WHAT YOU ARE ASKED TO DO =
Copy all records exactly, excluding images.

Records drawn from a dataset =
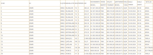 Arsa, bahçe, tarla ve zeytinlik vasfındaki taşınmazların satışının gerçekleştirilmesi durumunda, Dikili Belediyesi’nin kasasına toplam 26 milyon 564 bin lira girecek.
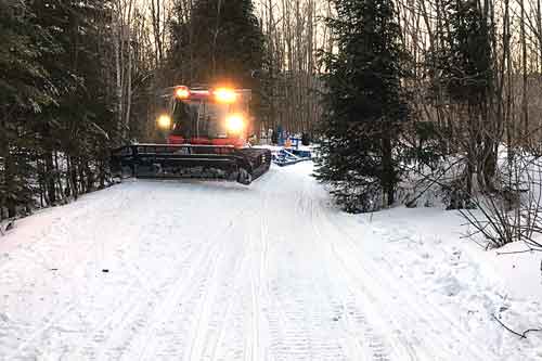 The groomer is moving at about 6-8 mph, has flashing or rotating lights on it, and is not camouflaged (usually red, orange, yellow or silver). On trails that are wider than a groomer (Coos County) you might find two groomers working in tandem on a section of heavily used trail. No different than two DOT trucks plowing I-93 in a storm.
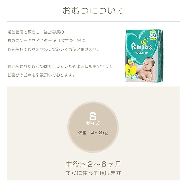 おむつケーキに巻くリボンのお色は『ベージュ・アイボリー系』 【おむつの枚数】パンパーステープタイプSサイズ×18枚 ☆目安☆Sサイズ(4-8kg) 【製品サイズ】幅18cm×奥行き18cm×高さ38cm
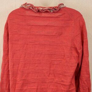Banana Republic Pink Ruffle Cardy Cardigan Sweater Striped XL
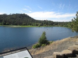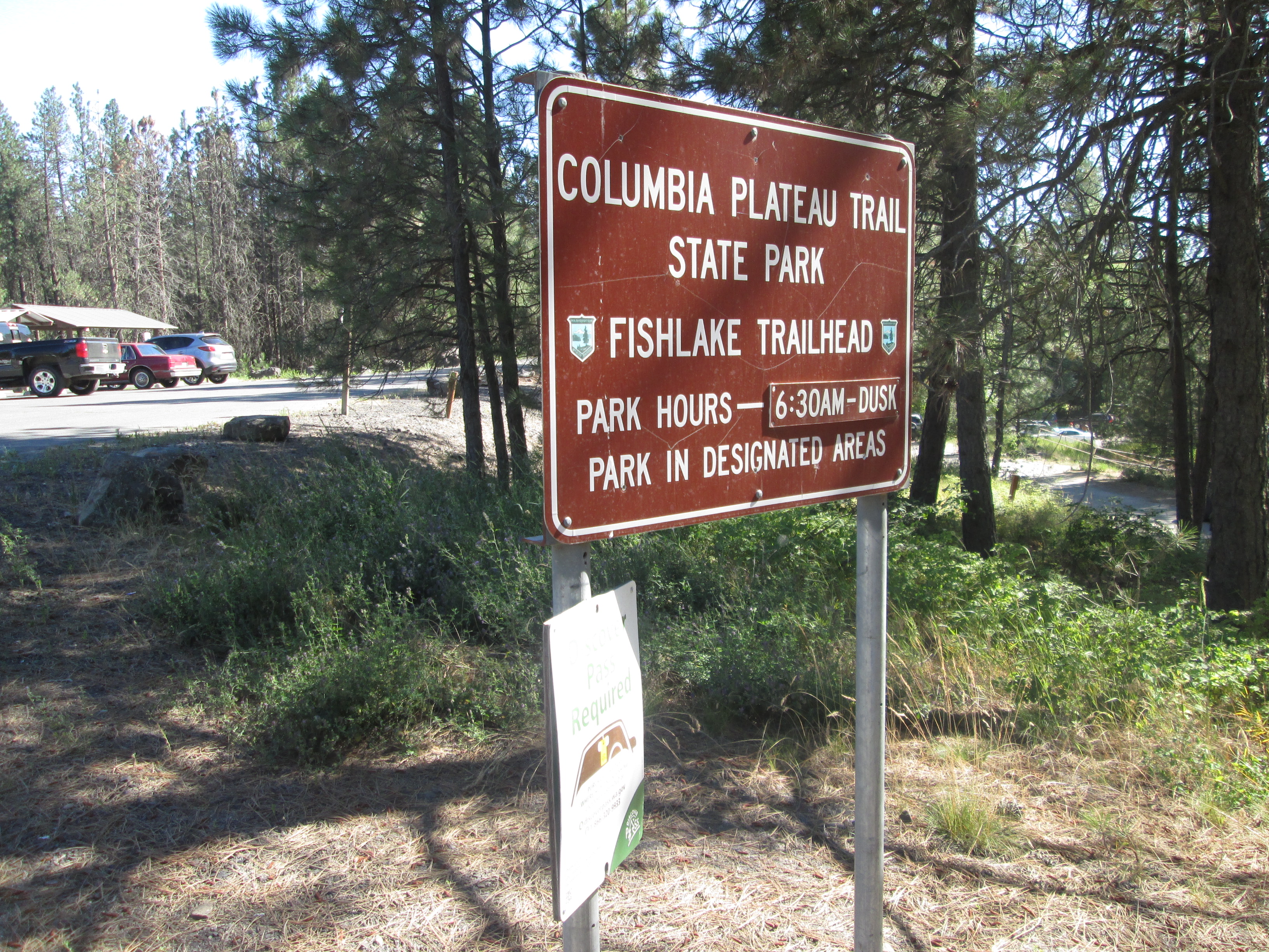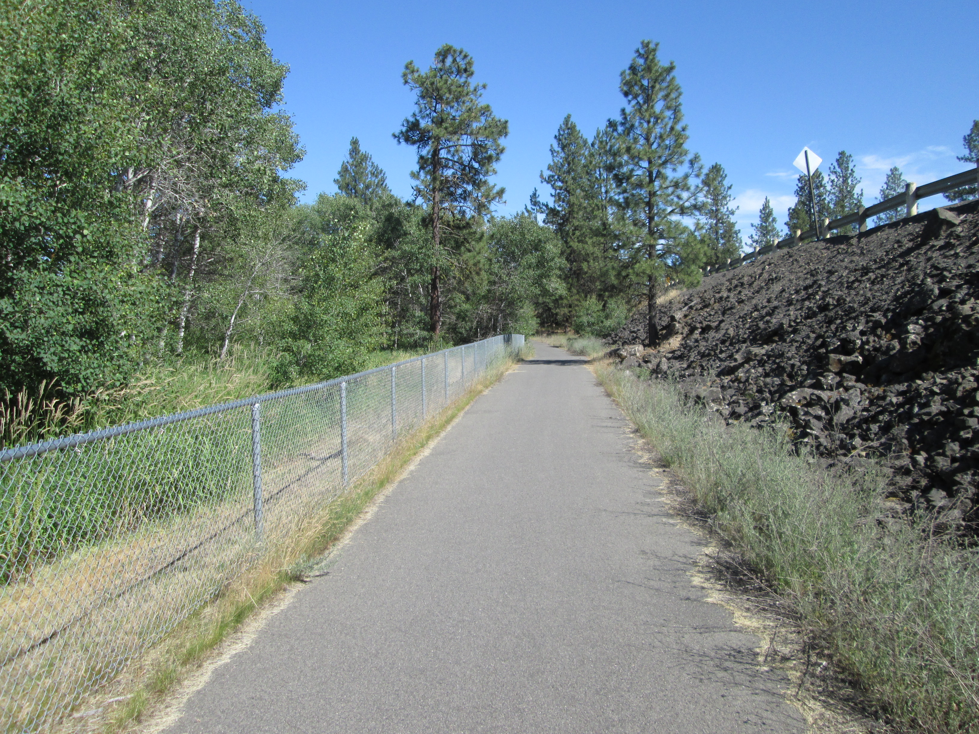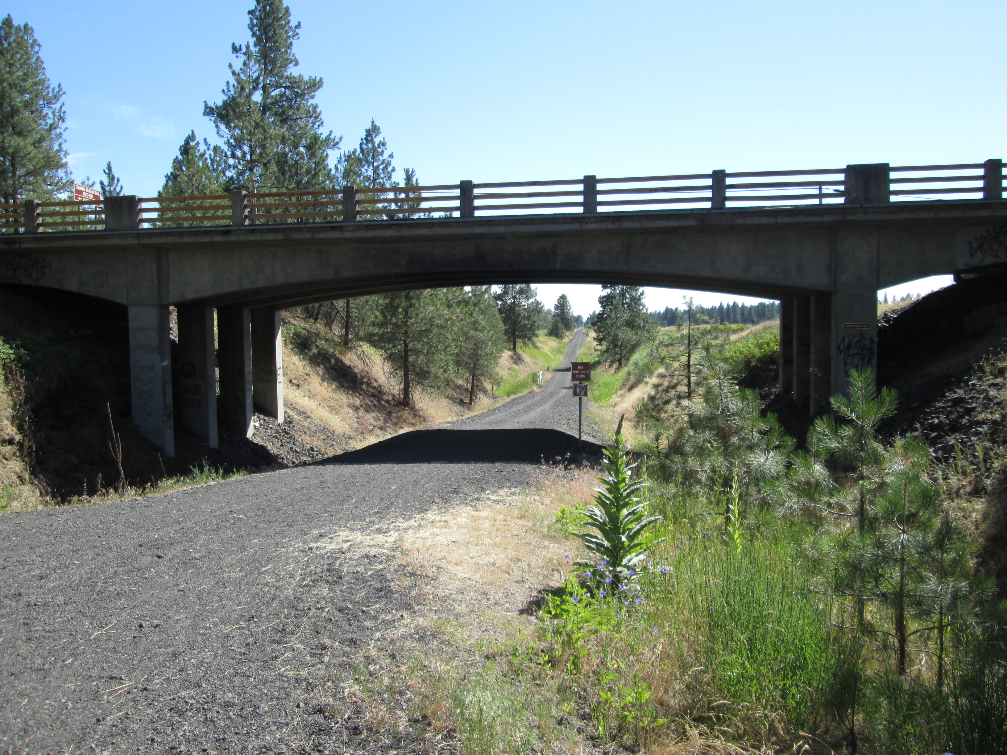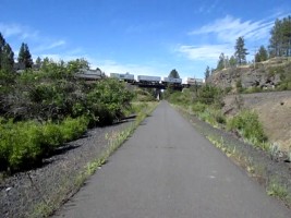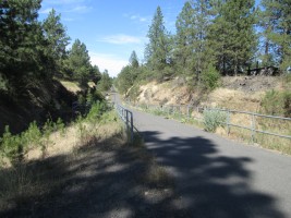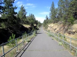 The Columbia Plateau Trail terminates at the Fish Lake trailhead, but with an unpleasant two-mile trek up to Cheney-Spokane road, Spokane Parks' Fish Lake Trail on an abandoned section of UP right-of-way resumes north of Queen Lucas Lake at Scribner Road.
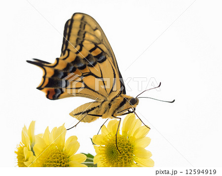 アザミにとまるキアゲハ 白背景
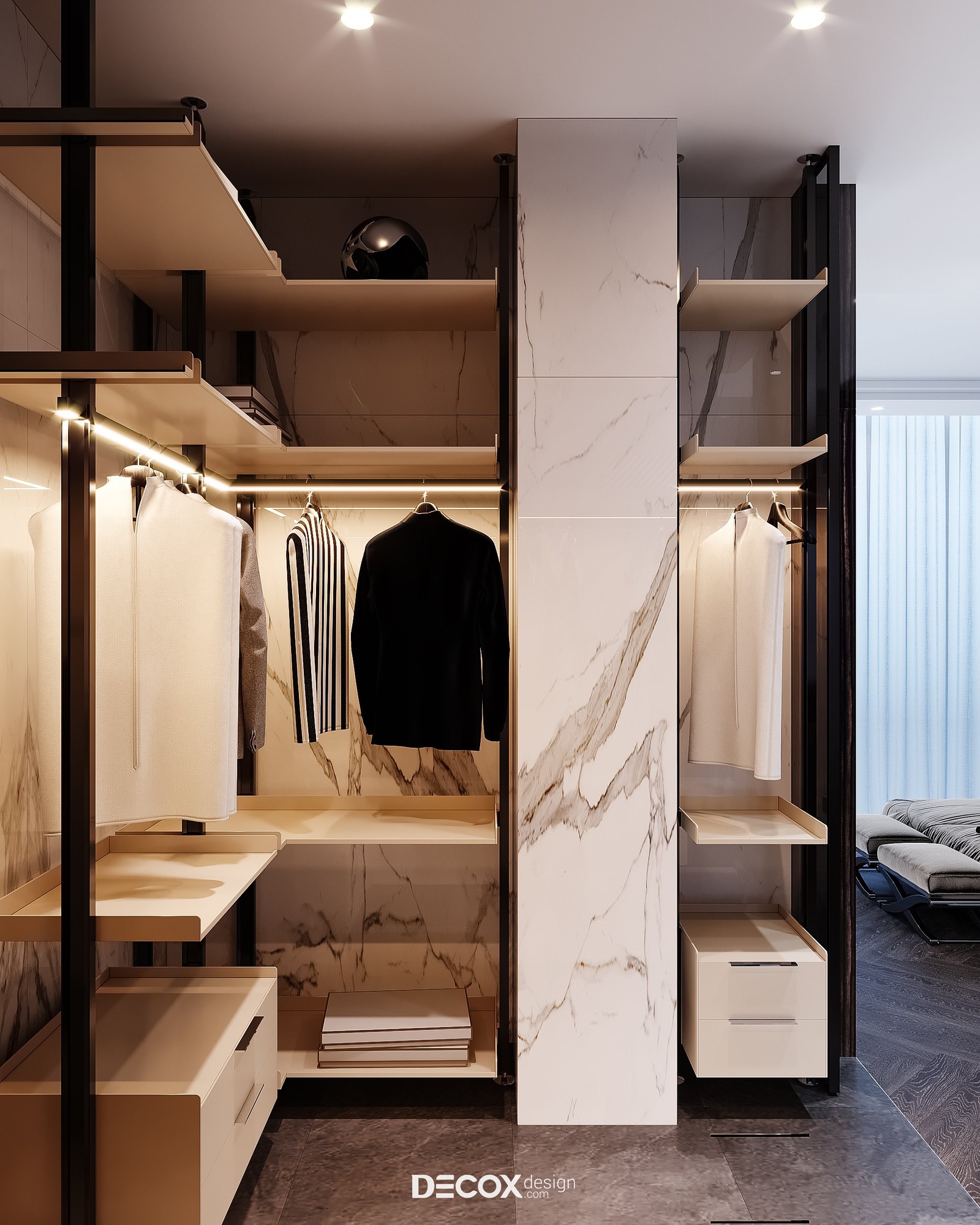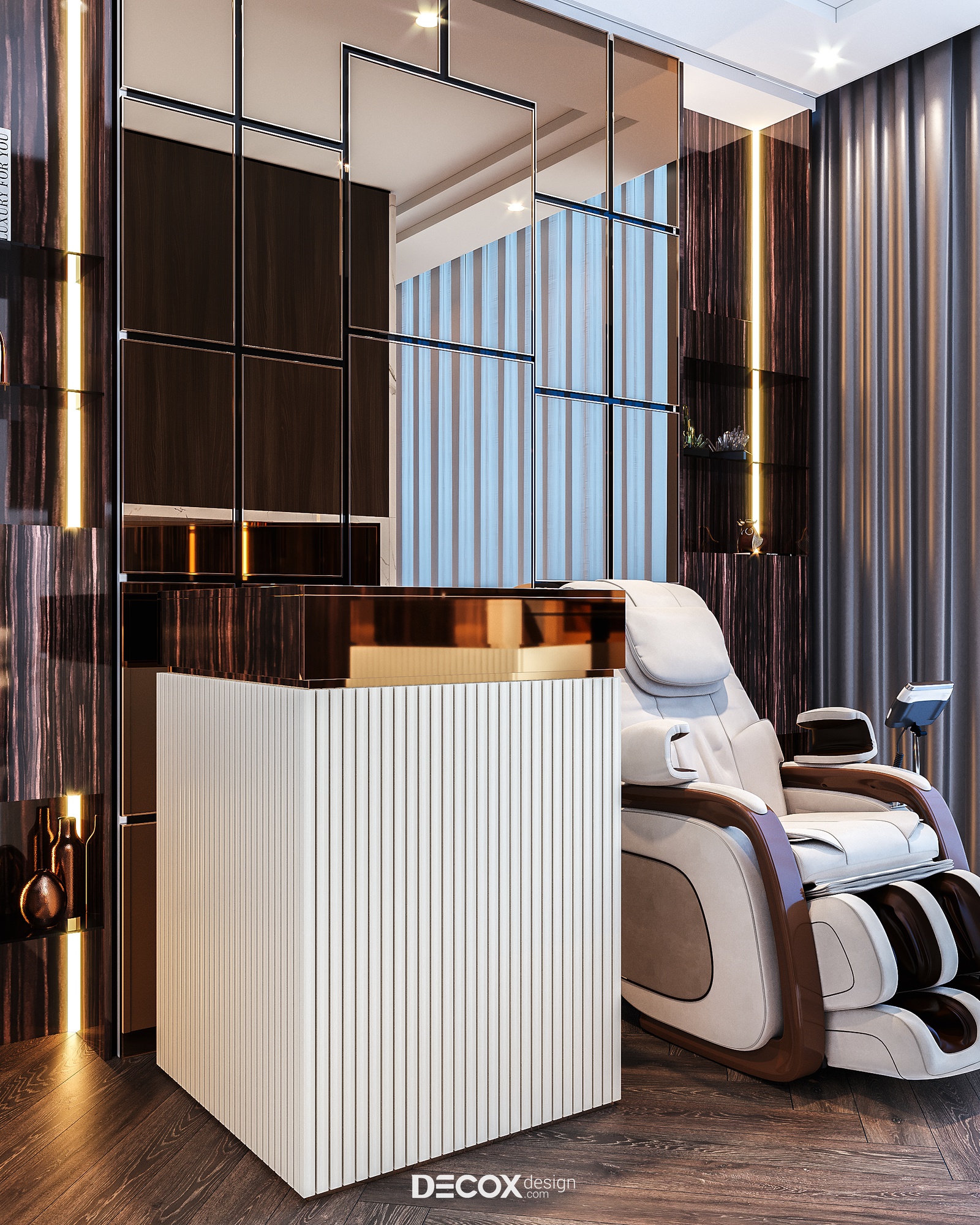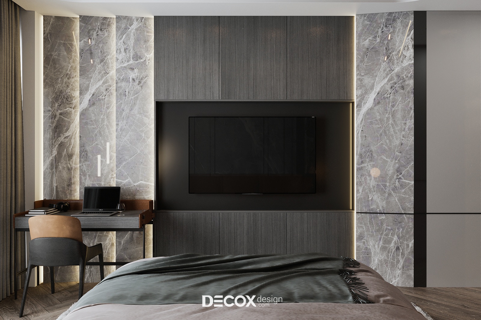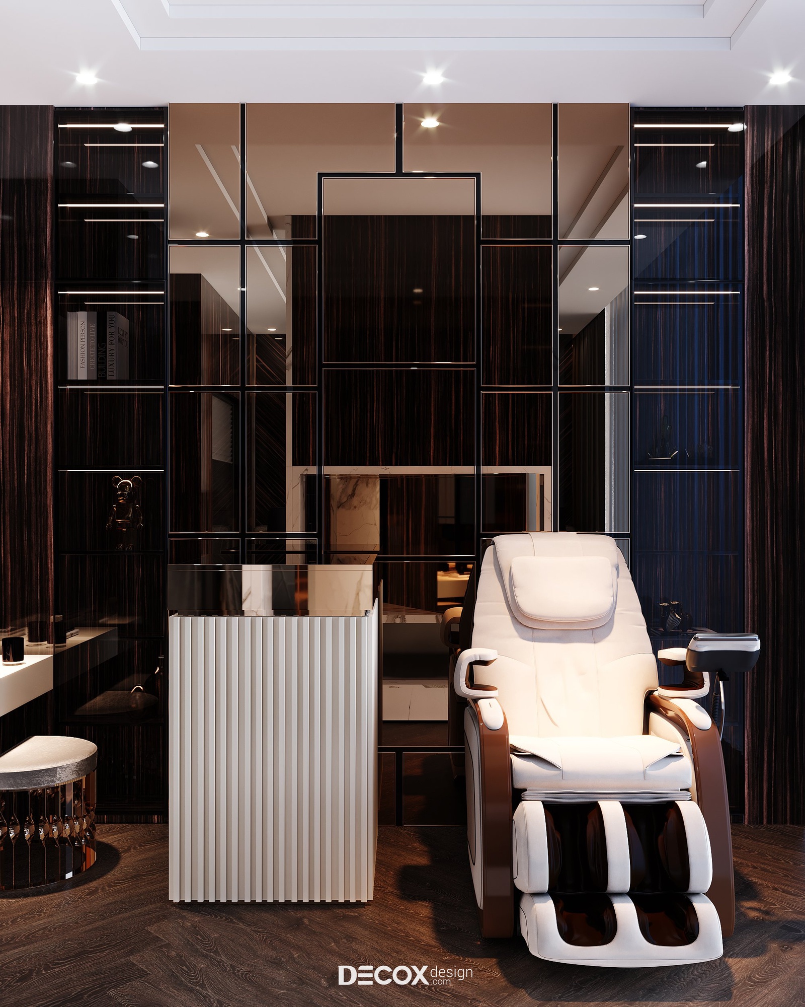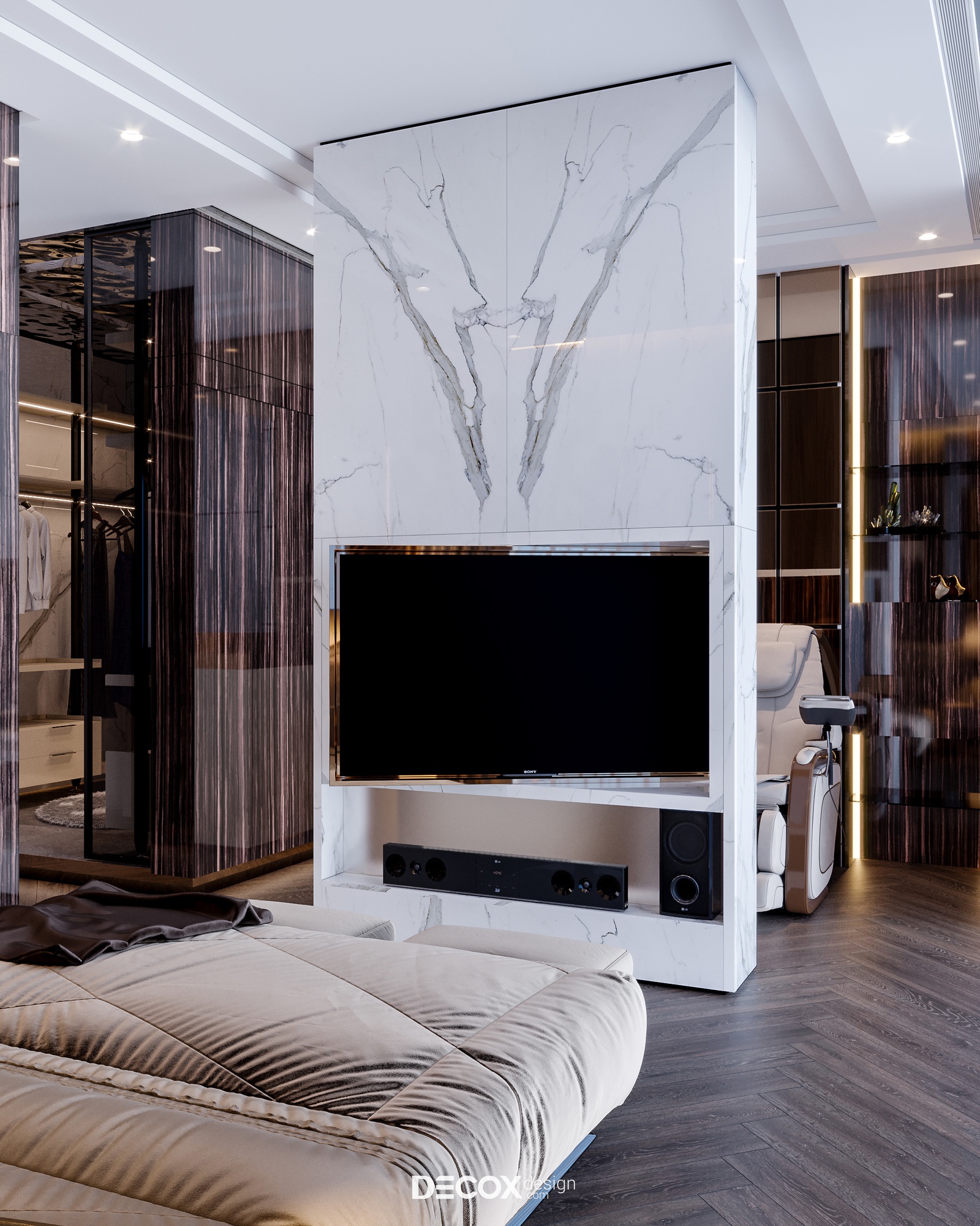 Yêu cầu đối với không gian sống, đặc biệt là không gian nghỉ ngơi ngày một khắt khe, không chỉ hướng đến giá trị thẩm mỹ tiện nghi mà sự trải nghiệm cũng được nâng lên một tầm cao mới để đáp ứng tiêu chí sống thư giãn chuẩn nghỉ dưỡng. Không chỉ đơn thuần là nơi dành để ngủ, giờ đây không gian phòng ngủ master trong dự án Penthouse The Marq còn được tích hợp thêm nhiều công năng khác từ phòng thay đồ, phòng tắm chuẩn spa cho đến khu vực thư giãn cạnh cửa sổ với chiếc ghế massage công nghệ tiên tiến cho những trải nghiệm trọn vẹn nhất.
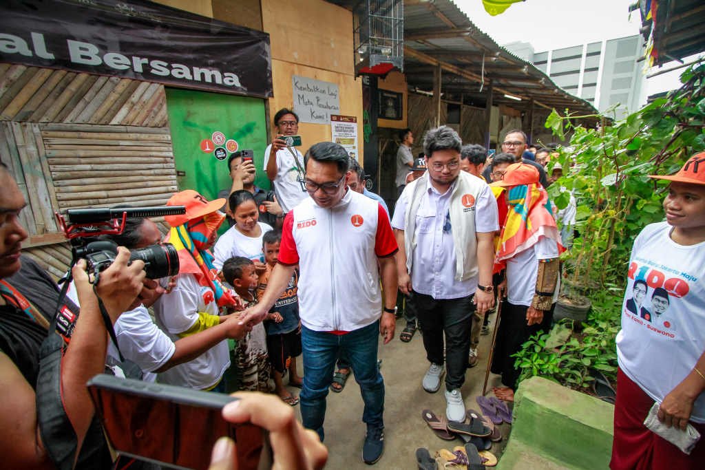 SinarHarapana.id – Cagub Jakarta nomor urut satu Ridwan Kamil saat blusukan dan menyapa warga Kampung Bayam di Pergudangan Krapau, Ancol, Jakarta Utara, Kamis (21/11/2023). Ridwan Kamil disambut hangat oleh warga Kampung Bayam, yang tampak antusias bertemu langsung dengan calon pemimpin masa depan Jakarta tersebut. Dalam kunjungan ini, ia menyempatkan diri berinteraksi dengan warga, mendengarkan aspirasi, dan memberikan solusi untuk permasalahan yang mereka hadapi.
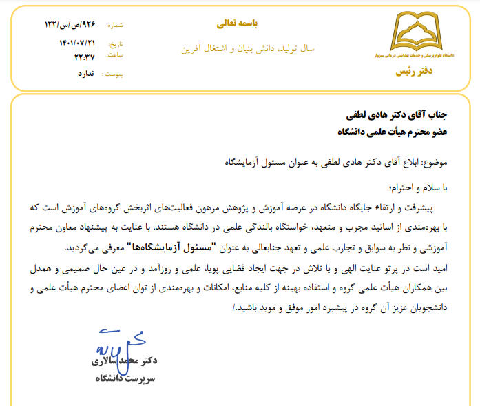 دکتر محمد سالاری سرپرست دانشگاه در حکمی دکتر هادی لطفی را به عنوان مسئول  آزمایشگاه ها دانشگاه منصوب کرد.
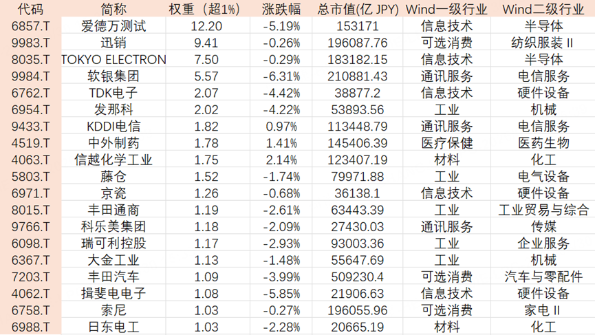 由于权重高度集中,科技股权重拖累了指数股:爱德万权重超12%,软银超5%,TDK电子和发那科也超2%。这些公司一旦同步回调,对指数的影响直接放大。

ANSWER SPACE =
 Arsa, bahçe, tarla ve zeytinlik vasfındaki taşınmazların satışının gerçekleştirilmesi durumunda, Dikili Belediyesi’nin kasasına toplam 26 milyon 564 bin lira girecek.
 The groomer is moving at about 6-8 mph, has flashing or rotating lights on it, and is not camouflaged (usually red, orange, yellow or silver). On trails that are wider than a groomer (Coos County) you might find two groomers working in tandem on a section of heavily used trail. No different than two DOT trucks plowing I-93 in a storm.
 おむつケーキに巻くリボンのお色は『ベージュ・アイボリー系』 【おむつの枚数】パンパーステープタイプSサイズ×18枚 ☆目安☆Sサイズ(4-8kg) 【製品サイズ】幅18cm×奥行き18cm×高さ38cm
Banana Republic Pink Ruffle Cardy Cardigan Sweater Striped XL
 The Columbia Plateau Trail terminates at the Fish Lake trailhead, but with an unpleasant two-mile trek up to Cheney-Spokane road, Spokane Parks' Fish Lake Trail on an abandoned section of UP right-of-way resumes north of Queen Lucas Lake at Scribner Road.
 アザミにとまるキアゲハ 白背景
 Yêu cầu đối với không gian sống, đặc biệt là không gian nghỉ ngơi ngày một khắt khe, không chỉ hướng đến giá trị thẩm mỹ tiện nghi mà sự trải nghiệm cũng được nâng lên một tầm cao mới để đáp ứng tiêu chí sống thư giãn chuẩn nghỉ dưỡng. Không chỉ đơn thuần là nơi dành để ngủ, giờ đây không gian phòng ngủ master trong dự án Penthouse The Marq còn được tích hợp thêm nhiều công năng khác từ phòng thay đồ, phòng tắm chuẩn spa cho đến khu vực thư giãn cạnh cửa sổ với chiếc ghế massage công nghệ tiên tiến cho những trải nghiệm trọn vẹn nhất.
 SinarHarapana.id – Cagub Jakarta nomor urut satu Ridwan Kamil saat blusukan dan menyapa warga Kampung Bayam di Pergudangan Krapau, Ancol, Jakarta Utara, Kamis (21/11/2023). Ridwan Kamil disambut hangat oleh warga Kampung Bayam, yang tampak antusias bertemu langsung dengan calon pemimpin masa depan Jakarta tersebut. Dalam kunjungan ini, ia menyempatkan diri berinteraksi dengan warga, mendengarkan aspirasi, dan memberikan solusi untuk permasalahan yang mereka hadapi.
 دکتر محمد سالاری سرپرست دانشگاه در حکمی دکتر هادی لطفی را به عنوان مسئول  آزمایشگاه ها دانشگاه منصوب کرد.
 由于权重高度集中,科技股权重拖累了指数股:爱德万权重超12%,软银超5%,TDK电子和发那科也超2%。这些公司一旦同步回调,对指数的影响直接放大。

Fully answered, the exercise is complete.